それだけ言い残すとカカシは瞬身の術を使い静かにいなくなった。取り残された私だけがやっぱり苦しくて痛かったけど涙は出ない。きっとこの涙はもう底をついているのだ、とっくの昔に。
ねえどうして先生はいってしまったんですか、私を於いてどうして死んでしまったんです。報われない思いを抱き続けることがどれだけ苦しいか、忘れることも許されないことがどれだけ辛いか私はあなたを失い知りました。同時に、誰かを憎むことや恨むことがどれだけ痛いか、自分を愛してくれる人に背を向けることがどれだけ締め付けられるのかを知りました。
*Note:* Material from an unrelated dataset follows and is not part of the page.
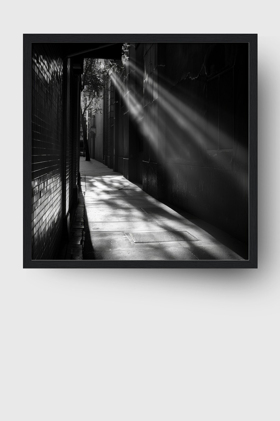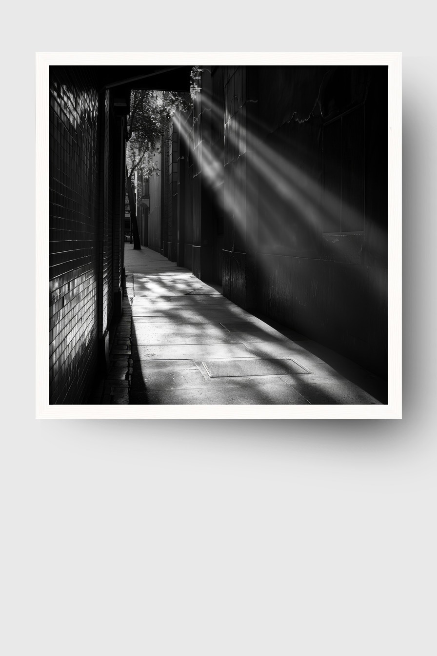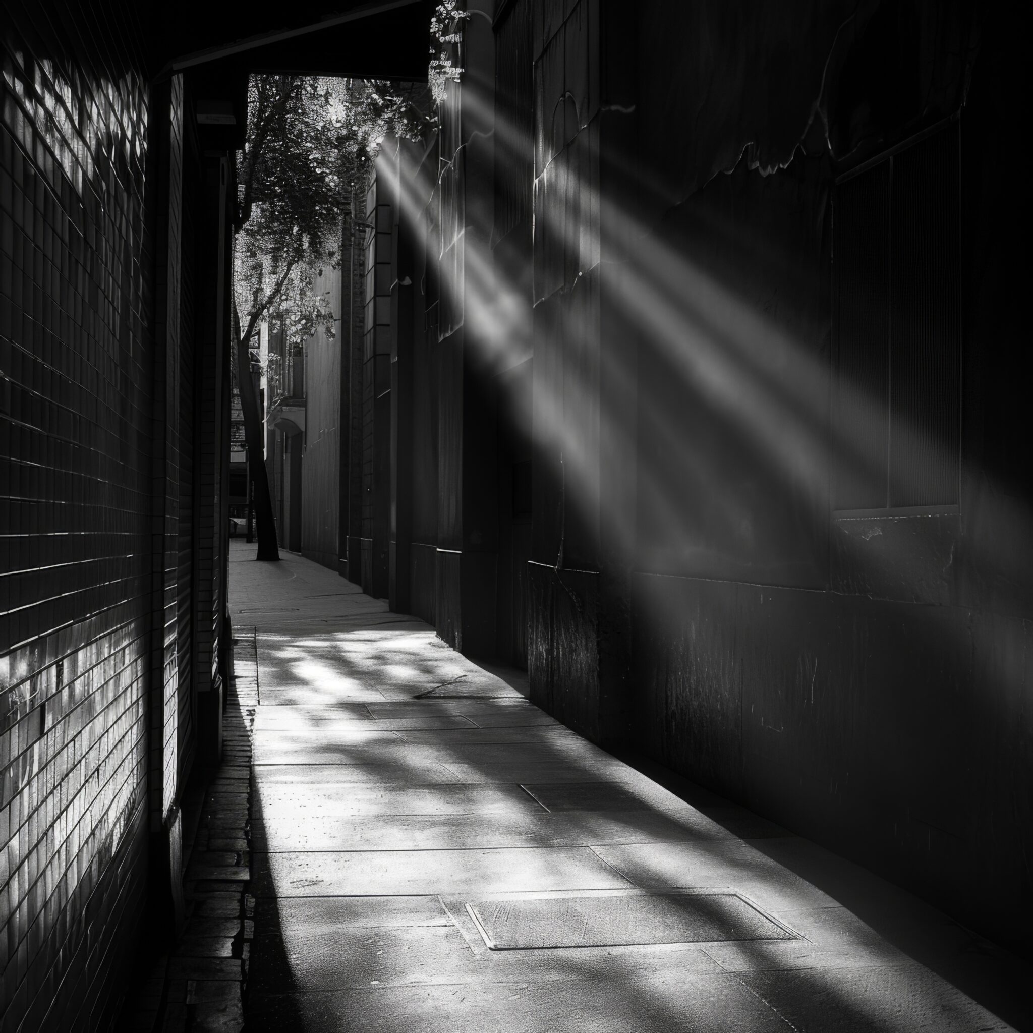 Licht bricht durch die Gasse, lässt Formen tanzen und definiert den Raum mit scharfem Kontrast.

先生がいなくなってから、私の歯車は上手に空回り私が私でなくなっていくのを日を追う毎に感じていました。だけど、先生、先生、そろそろ私は本当にあなたを忘れなければいけない時がきたのかもしれません。あの子の笑顔を見て、あなたが守ろうとしたものの大きさを知ってしまった私は、あなたがいない理由を無くしたのです。もうこの世にはいないあなたを思って背を向けてきた私に、忍びにあるまじき馬鹿な約束を押しつけた彼を心底愛しいと思ってしまったのです。

「ミナト先生・・・」

あなたの名前を口に出せば、また潰れるように痛いけど私もまた一歩すすみたいと思います。先生は、永遠に私の中にあるけれどそうではなくあなたを忘れることにします。もう桜の舞う季節です。春色の涙がこの空を揺らしては、飛び去って行きます。